East India Company Before the East India Company established trade in India, John Mildenhall, a merchant adventurer, was the first Englishment who arrived in India in 1599 by the over land route, ostensibly for purpose of trade with Indian merchants.

     On 31st December, 1600, Queen Elizabeth granted a Charter to the Company named 'The Governor and Company of Merchants of London Trading in the East Indies' the right to carry on trade with all countries of the East. This company is commonly known as the English East India Company.
Chronology of English East India Company
1600 Establishment of English East India Company
1608 Captain William Hawkins visited the Mughal Court of Jehangir.
1609 Emperor Jehangir issued farman permitting the English to establish a factory at Surat.
1613 The English East India Company's factory was set up at Surat.
1615 Sir Thomas Roe was successful in obtaining two farmans from the Mughal Court confirming free trade with exemption from inland toll.
1616 The East India Company established its branch factory at Masulipatnam.
1632 The English obtained the Golden Farman with the right to trade in the kingdom of Golkunda for a fixed customs duty, from the Sultan of Golkunda.
1633 The eastern branch factory of East India Company was established in Hariharpur, Balasore.
1639 The local king of Madras(Now Chennai) granted the Company a lease.
1651 Nawab Shuja-ud-din of Bengal granted the English, the right to carry on their trade on payment of a fixed duty.
1662 King Charles II of England was given Bombay (Now Mumbai) as dowry after marrying the Portuguese princess
1667 The English obtained the royal farman to trade in Bengal from the Mughal Emperor Aurangzeb.
1687 The English East India Company replaced its headquarters from Surat to Bombay.
1691 The Governor of Bengal gave the English Company Dastaks (Free trade passes) on the payment of a fixed duty.
1717 English obtained a number of trade concessions from the Mughal Emperor Farrukhsiyar after the Emperor was cured of a painful disease by the English Surgeon William Hamilton.

For a few years, the English East India Company confined its activities to the spice trade with Java, Sumatra and the Moluccas. But in 1608 Captain William Hawkins came to the court of Jehangir with a letter from James I, king of England, requesting permission for the English merchants to establish in India. But due to vehement opposition of the Portuguese and the Surat merchants, Emperor Jehangir had to change his mind and Hawkin's mission failed.
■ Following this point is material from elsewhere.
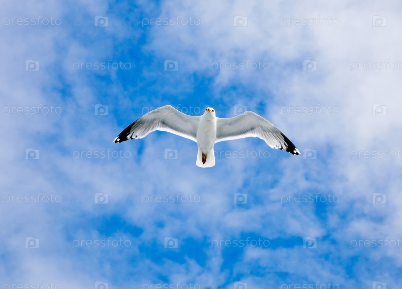 Чайка парит в облачном небе

Next year, Jehangir issued a farman permitting the English to establish a factory permanently at Surat. In 1615, a British mission under Sir Thomas Roe succeeded in obtaining farmans from the Mughal Court confirming free trade without liability to pay inland toll. In 1632 the English obtained from the Sultan of Golconda the Golden farman granting them the right to trade throughout the kingdom of Golconda on payment of a fixed customs duty of 500 pagodas per year. This farman was renewed in 1634.

    The Company obtained from the Nawab Shaja-ud-din a farman in 1651 granting the English the right to carry on their trade on payment of a fixed duty of Rs. 3000 per year.

     In 1714, an Englishman John Surman was sent to Delhi Court for securing trading facilities for the company. He succeeded in obtaining from Emperor Farukhsiyar a farman in 1717, by which the Company was permitted to carry on trade in Bengal, Bombay and Madras free of customs duty. The Company was also permitted to mint its own coins. The Nawabs of Bengal, however, showed scant regard for the imperial farman .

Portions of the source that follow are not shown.